Looking forward for the reply.
Thanks.
Kuchekar, Nilesh
On Wed, Aug 28, 2013 at 3:32 PM, Michael Sokolov <
msoko...@safaribooksonline.com> wrote:
We've been seeing changes in our rankings as well. I don't have a
definite answer yet, since we're waiting on an index rebuild, but our
current working theory is that the change to default omitNorms="true" for
primitive types may have had an effect, possibly due to follow on
confusion: our developers may have omitted norms from some other fields
they shouldn't have?
-Mike
On 08/26/2013 09:46 AM, Stefan Matheis wrote:
Did you check the scoring? (use fl=*,score to retrieve it) ..
additionally debugQuery=true might provide more information about how
the
score was calculated.
- Stefan
On Monday, August 26, 2013 at 12:46 AM, Kuchekar wrote:
Hi,
The response from 4.4 and 3.5 in the current scenario differs in the
sequence in which results are given us back.
For example :
Response from 3.5 solr is : id:A, id:B, id:C, id:D ...
Response from 4.4 solr is : id C, id:A, id:D, id:B...

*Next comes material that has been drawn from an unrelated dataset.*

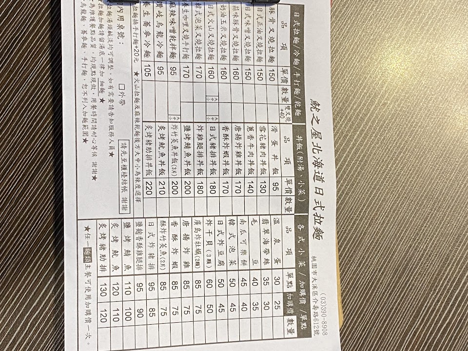 湯頭鮮美濃郁 品項多種 麵條Q彈 價格合理 路邊可停車 服務 內用 餐點類型 晚餐 平均每人消費金額 $1-200 餐點:5 服務:5 氣氛:5 建議的餐點 北海道豚骨拉麵 蔥香牛肉丼飯 唐揚炸雞 炸豆腐

Looking forward your reply.
Thanks.
Kuchekar, Nilesh
On Sun, Aug 25, 2013 at 11:32 AM, Stefan Matheis
<matheis.ste...@gmail.com
(mailto:matheis.stefan@gmail.**com<matheis.ste...@gmail.com>
)>wrote:
Kuchekar (hope that's your first name?)
you didn't tell us .. how they differ? do you get an actual error? or
does
the result contain documents you didn't expect? or the other way
round,
that some are missing you'd expect to be there?
- Stefan
On Sunday, August 25, 2013 at 4:43 PM, Kuchekar wrote:
Hi,
We get different response when we query 4.4 and 3.5 solr using same
query params.
My query param are as following :
facet=true
&facet.mincount=1
&facet.limit=25
&qf=content^0.0+p_last_name^**500.0+p_first_name^50.0+**
strong_topic^0.0+first_author_**topic^0.0+last_author_topic^0.**
0+title_topic^0.0
&wt=javabin
&version=2
&rows=10
&f.affiliation_org.facet.**limit=150
&fl=p_id,p_first_name,p_last_**name
&start=0
&q=Apple
&facet.field=affiliation_org
&fq=table:profile
&fq=num_content:[*+TO+1500]
&fq=name:"Apple"
The content in both (solr 4.4 and solr 3.5) are same.
The solrconfig.xml from 3.5 an 4.4 are similarly constructed.
Is there something I am missing that might have been changed in 4.4,
which
might be causing this issue. ?. The "qf" params looks same.
Looking forward for your reply.
Thanks.
Kuchekar, Nilesh